Usually we try to stay away from nominating actors and internet bloviators. If we nominated them every time they stuck their feet in their mouths, there’d be no room for anyone else. This week, however, we’ve include both along with a corporation and a TV station! It’s time to vote for Idiot of the Week for November 17, 2014! The winner will eventually get an award certificate to download and print, suitable for framing or creating a paper mâché mask — if they print enough and have the right kind of paste. Until we get that certificate designed, they will get to sit in our virtual dunce chair on our home page. Below the poll are the stories about our synaptically-challenged nominees. Winner posted Monday!

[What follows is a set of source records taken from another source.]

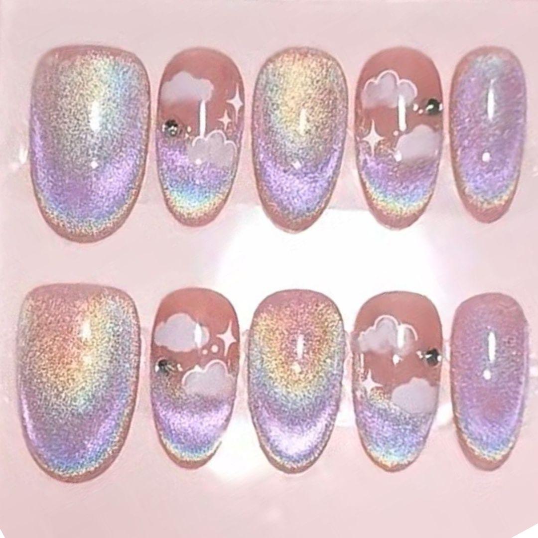 - Authentic hand-painted press-on. made with heart by real nail techs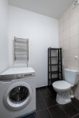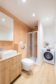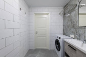 Zdjęcie "Jasne i nowoczesne wnętrze umywalni prezentujące pralkę, eleganckie drewniane panele i nieskazitelne białe elementy, odpowiednie dla nowoczesnych przestrzeni mieszkalnych." może być wykorzystywane do celów osobistych i komercyjnych zgodnie z warunkami zakupionej licencji Royalty-free. Obraz jest dostępny do pobrania w jakości wysokiej rozdzielczości do 5760x3840.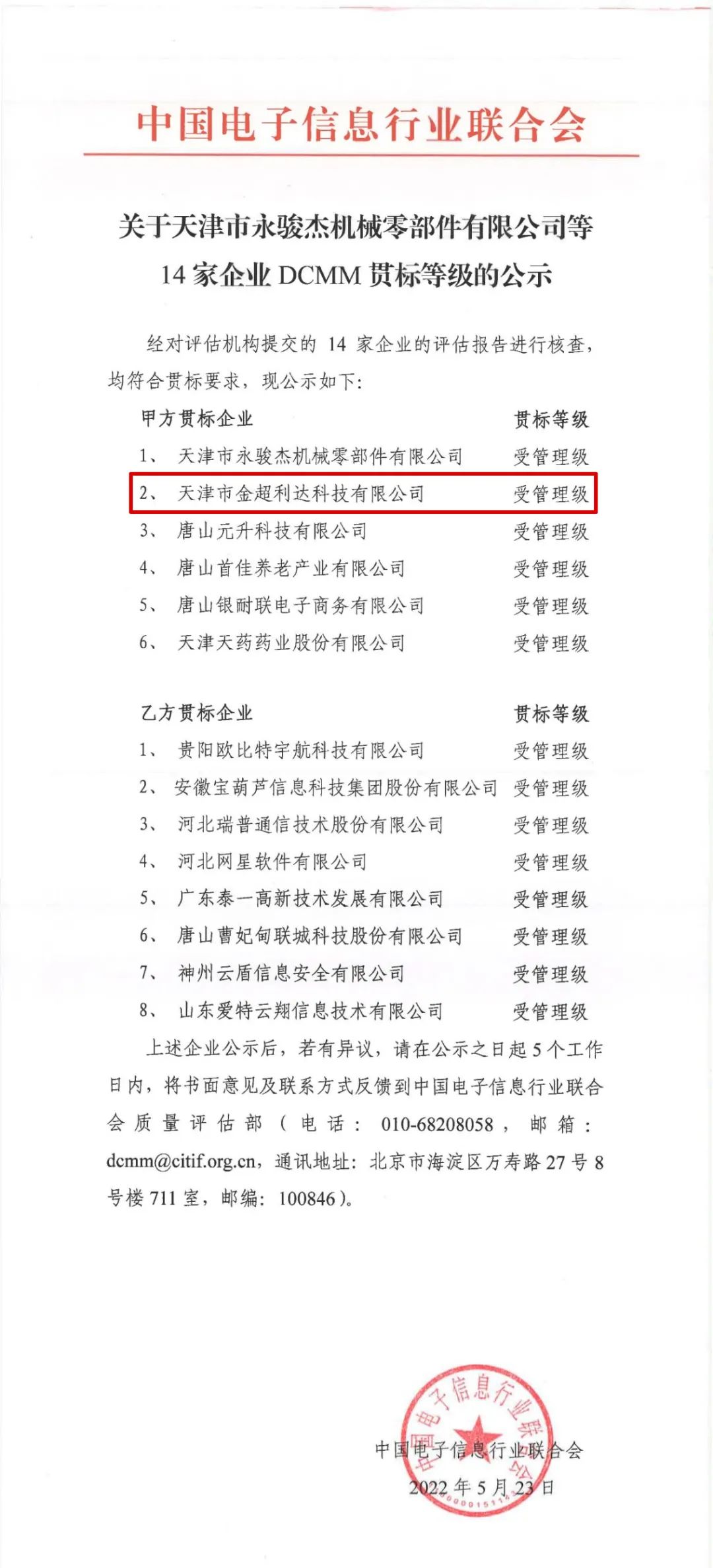 热烈祝贺金超利达荣获国家数据管理能力成熟度评估(DCMM二级评定认证),目前已进入公示阶段

The Candidates for November 17, 2014
Rete 4, Italian TV: Italian TV station Rete 4 is upset that the European Space Agency landed on a comet. They have the sads because comets apparently don’t look like they do in the movies, specifically Armageddon. Next time, ESA, get it right and land Bruce Willis instead of a robot. Acting is about the same anyway.
Kirk Cameron: Cameron has a new movie coming out, so he’s on a stupidity rampage — er — we mean, a media and promotional tour. His claim this time is that pagans actually stole Christmas traditions from Christians, and not the other way around. This despite tons of historical fact, including writings from popes saying to do just that. But, who cares about popes if you’re an evangelical, right?

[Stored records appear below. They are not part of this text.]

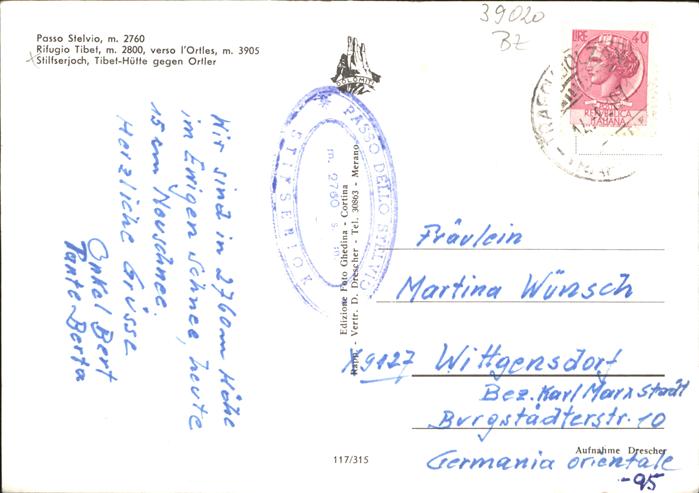 old postcard Stilfserjoch Passo dello Stelvio Passo Stelvio rifugio Tibet verso Ortles Berghuette Ortler postalisch gelaufen Erhaltung siehe scans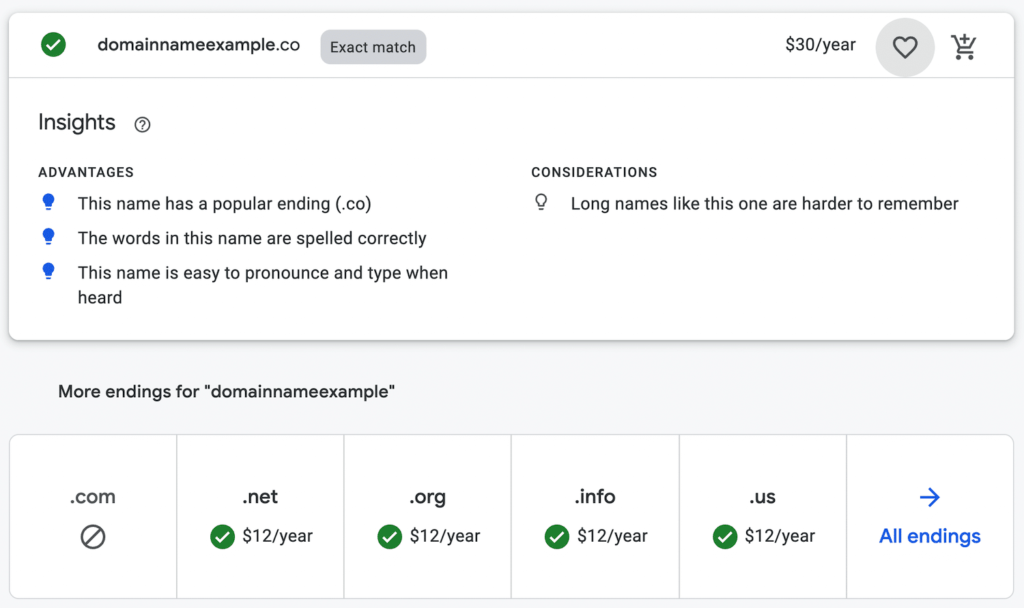 您可能还想将您的主要品牌和/或重要关键词融入其中。重要的是,不要让您对特定域名后缀的渴望超过这些其他因素。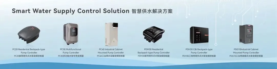 以水泵专用变频器为核心:PC20、PC30、PC40、PDM30、PDH30、PDG10系列产品,构建从家用供水到市政水务、工业水处理的全场景供水控制方案,实现恒压供水、多泵联动、远程监控一体化,大幅降低水务系统能耗与运维成本。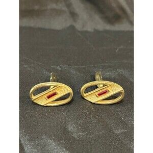 Swank Gold Tone Ruby Red Lucite Cufflinks Cuff Links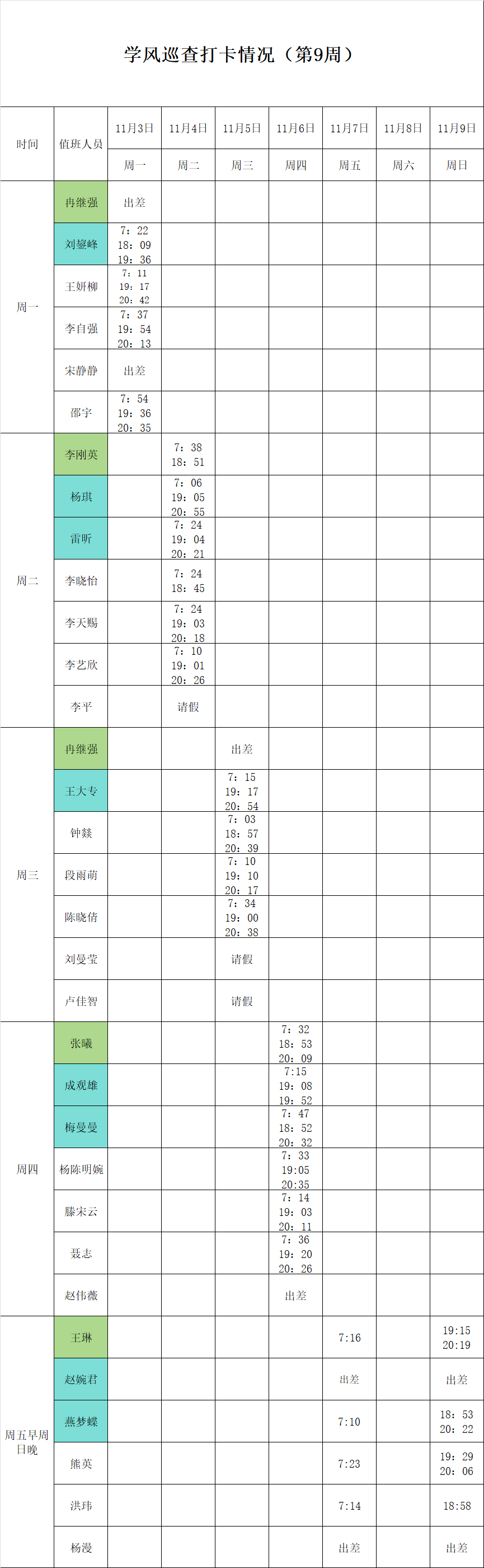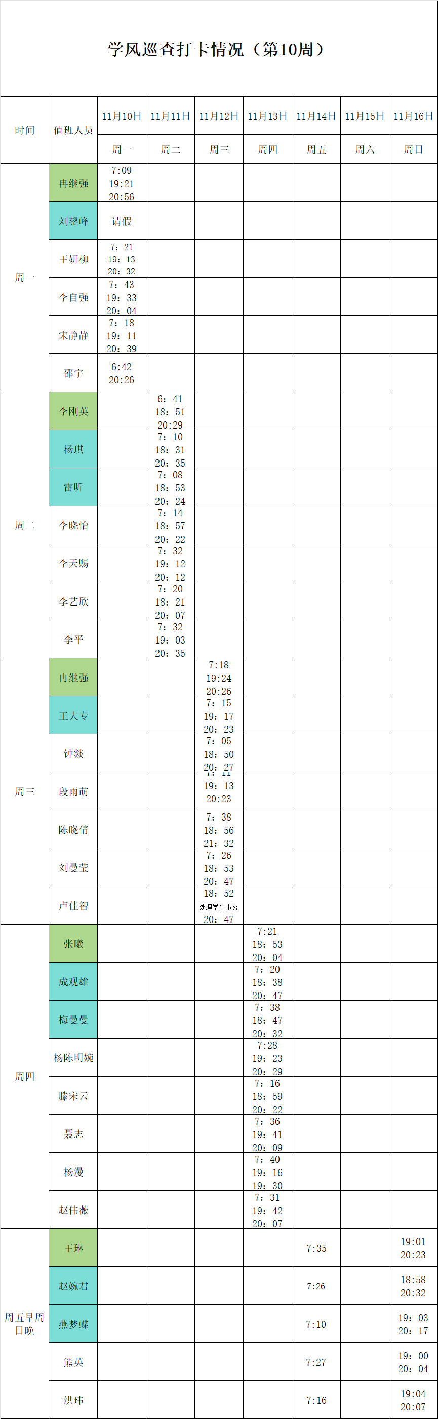 2025-2026学年第一学期第9-10周学风巡查打卡情况公示

Alex Jones: Jones has been very busy publishing his news and information this week on something we call “The Internet.” Among his rants, he blasts Net Neutrality as being something the Soviet Union and Nazis would want. We’re fairly certain they would actually despise the Net, much less Net Neutrality, and good old Alex would be off the air. Jones does make a convincing case, however, if proof includes throbbing forehead veins, foaming spittle, and a redhot rage face.

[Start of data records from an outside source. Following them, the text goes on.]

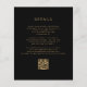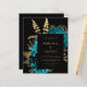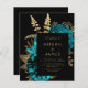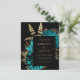 This elegant, moody wedding invitation features a lush, romantic floral bouquet in turquoise with gold faux foil and glitter foliage on a black background. Customise the gold-coloured text in stylish fonts on a dark rectangle. The reverse side provides space for wedding details on a solid black background, along with a QR code guests can scan to visit your website and RSVP, which saves the cost of printing and mailing separate RSVP cards.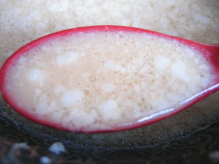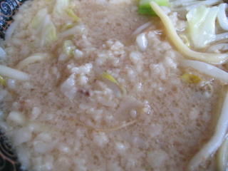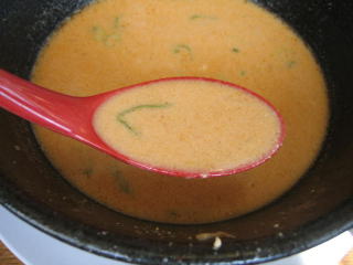 背脂の塊をスープに溶いて一気に背脂増量、スープが一層マイルドになります。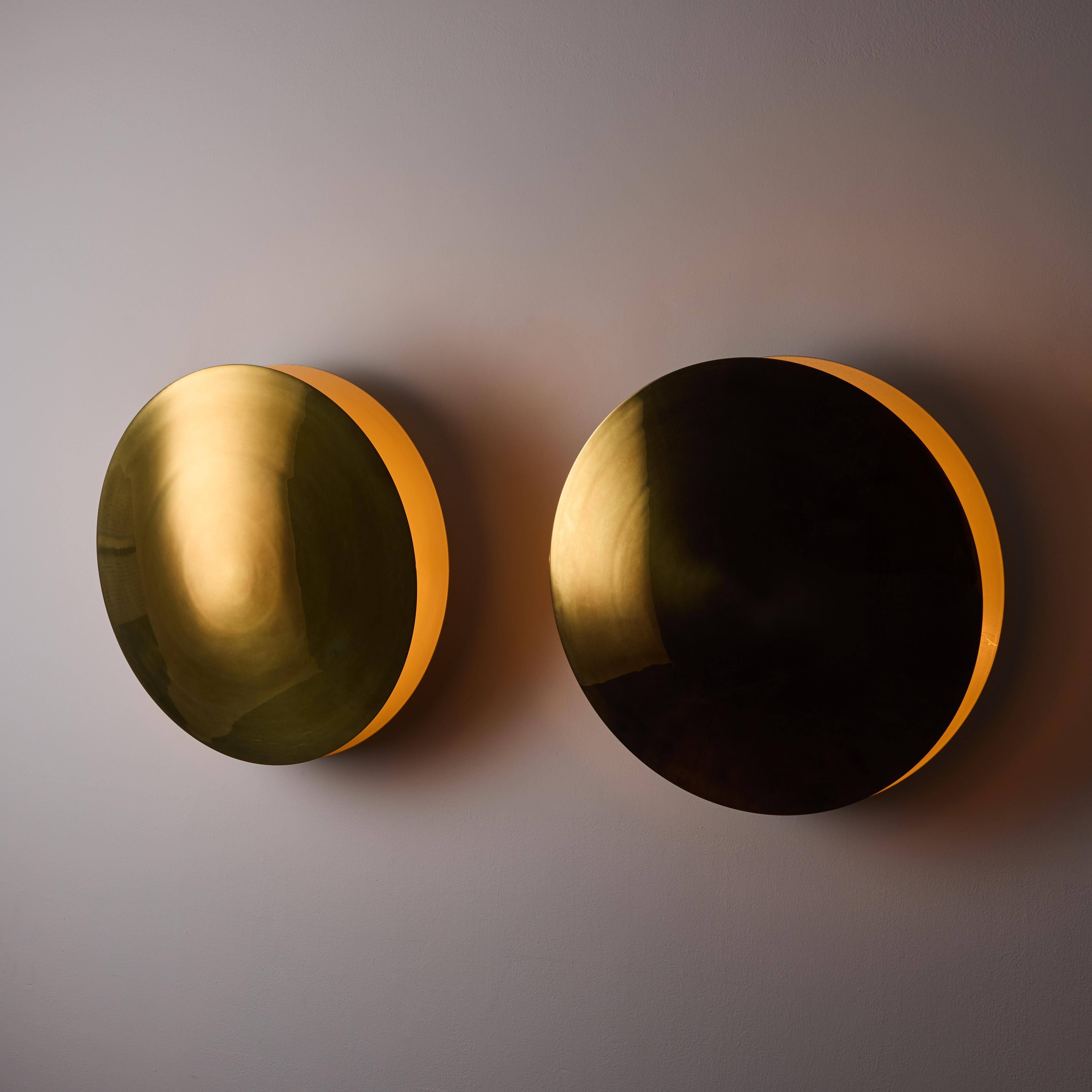 Rewire Custom Brass Castanet Sconces. Polished brass and enameled interior diffusion. Each sconce holds a single E27 socket type, adapted for the US. We recommend a single 40-75w max bulb or LED equivalent. Sconce naturally patinas over time to resemble the result in the photographed image. Priced and sold individually.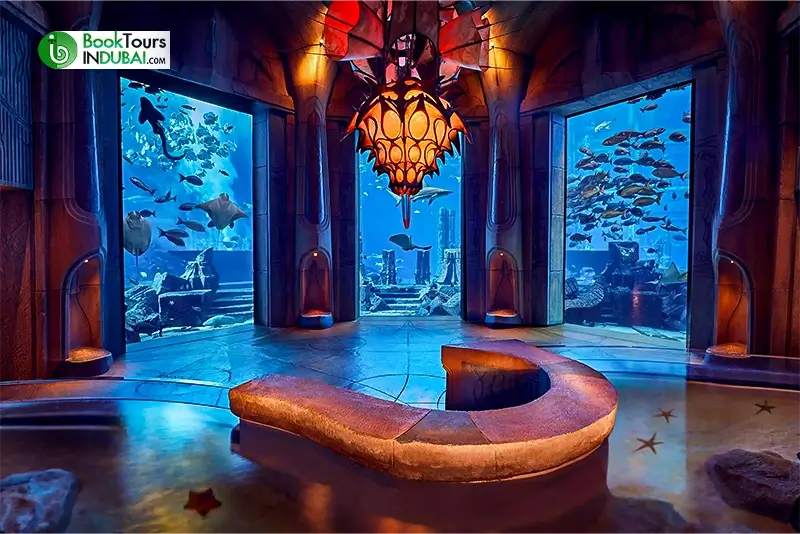 The fun gets doubled as you visit the Lost Chambers Aquarium, which is a part of this combo activity. It is a water paradise and home to almost 65,000 exotic water species. Besides, you can swim through the amazing coral reefs and ruins to feel ecstatic. The colorful fish, unique sea creatures, and stingrays swimming through the underwater tunnel look truly amazing.
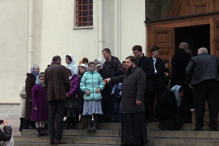 Перед храмом во всю шли приготовления к тому, чтобы выпустить голубей. Кстати, спортивных и специально обученных, которые возвращаются на свои голубятни. Пока ждали окончания службы, детей ставили как можно более фотогенично, голубей в ящиках складировали, а журналисты вздыхали, что из года в год голуби. Нет бы попугаев выпустить ради картинки. Или там аистов, например…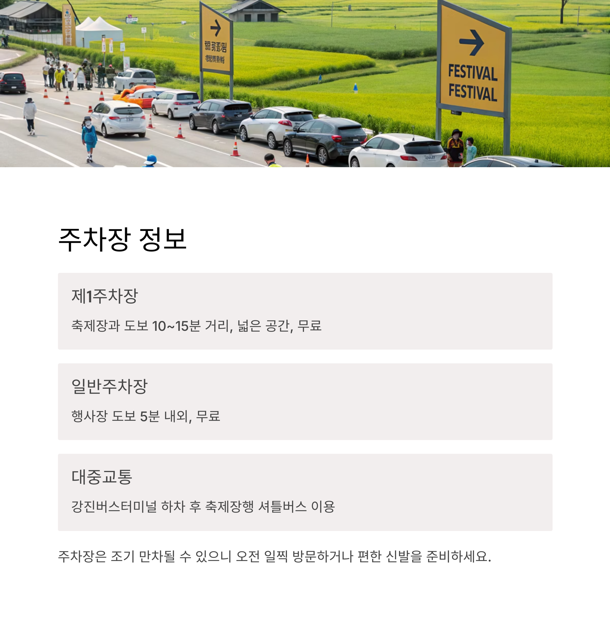 - 임시주차장: 축제장 주변 임시로 마련, 안내요원 배치

Old Navy: This week it came to light that Old Navy charges more for plus size women’s clothing. So far, not a big deal. A lot of places do that. Then it was revealed they do not charge extra for larger sized men’s clothes. And then a spokesperson claimed the women’s clothes include materials the men’s clothes don’t, and some open-eyed customers pointed out that the regular-sized women’s clothing has the same special materials but are priced in line with the regular-sized men’s clothes. Ouch. Three hits! The spokesperson was last heard screaming, “Abandon ship! To the lifeboats! We’re sunk!”